То есть, мы могли пойти на самоотречение и отказаться от мирских радостей (это, как ни странно, было не так сложно в стране, в которой-то и секса не было, как нам однажды сообщил телевизор), Но куда тяжелее было, когда вдруг оказывалось, что это самоотречение не нужно. Отнюдь не всё берётся самоотречением, а многие красивые идеи рождаются в спокойном и весёлом состоянии души.

Иногда нужна просто кропотливая и честная работа. Собственно, такая работа чаще всего и оказывается подвигом

А рука бойцов устаёт колоть, личный состав измучился, делая выбор между семьёй и лабораторией, и вот уже редеют ряды, и слуги покидают хозяев. Их сманили окладами и прочей овеществлённой славой.

Но без штурма с натиском Маракин не мог. Пьянства он счастливо избежал, но в новые времена сломался. Потускнел и, скажем так, сдулся.

Нет, он придерживался своего неизменного стиля мачо родом из тех лет, когда физики были в почёте, а лирики — в загоне.

Этот стиль включал в себя ещё альпинизм и горные лыжи, отличный английский язык.

Ах да — автомобиль, у него уже был, конечно, уже не «Жигули».

Маракина приглашали на симпозиумы — даже больше, чем раньше.
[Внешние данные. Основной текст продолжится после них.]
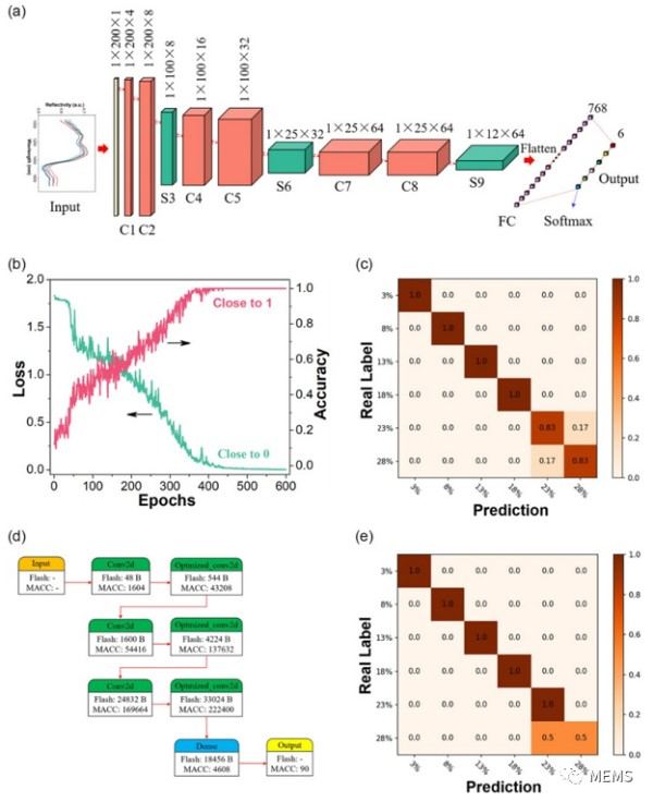 在這項(xiàng)研究中,研究人員還想要證明部署于邊緣(集成在傳感器中)的深度學(xué)習(xí)光譜分析模型可以達(dá)到與部署于計(jì)算機(jī)的傳統(tǒng)算法相同的效果。首先,建立基于卷積神經(jīng)網(wǎng)絡(luò)(CNN)的綠茶摻糖識(shí)別模型,并在計(jì)算機(jī)上進(jìn)行了驗(yàn)證。隨后,將驗(yàn)證后的模型進(jìn)一步部署到集成于InGaAs光譜傳感器的芯片處理器上,用于綠茶摻糖的邊緣識(shí)別。相關(guān)結(jié)果如圖3所示。

Как говорил Арамис, приезжавший из Америки — теперь Маракин был не скандален и никому не опасен: над головой Маракина тускло светился серый нимб основоположника красивой, но неверной теории. Такие нимбы должны быть у всех разжалованных праведников и героев, лишённых историками своих эполет.

Но при этом, даже злопыхатели старались вслух не вспоминать, что жертвой этой теории стала дочь самого Маракина. Теорию пытались поверить практикой, и сам Маракин провёл операцию. Они расшевелили группы нейронов, которые так и называли «группы Тревиля»), да только никакого положительного эффекта не достигли. Дочь осталась жива, но болела, в общем, это был скелет в шкафу, который оттуда постоянно выпадал.

Уж никто и не помнил о группах нейронов, о лавинной обработке информации, а вот о то, что Маракин загубил жизнь дочери, помнили, как о верёвке в доме покойника, все.

Честно говоря, мне не было его жалко.

Сам он никого не жалел, и нечего его было жалеть.

А про Бонасье, которого мы потеряли из виду, ходил один слух (увы, наш товарищ был мало кому интересен, и говорили о нём мало). Кто-то намекал, что наш господин Бонасье жил очень спокойно, не интересуясь ни группой Тревиля, не судьбой самой идеи. Но вот только потом (тут рассказчик обычно делал особое движение рукой, намекая на непростительную ошибку), однажды он имел неосторожность напомнить о себе если не какому-то всесильному кардиналу, то его военным советникам. Кардинал велел ему ответить, что он позаботится о том, чтобы отныне г-н Бонасье никогда ни в чем не нуждался.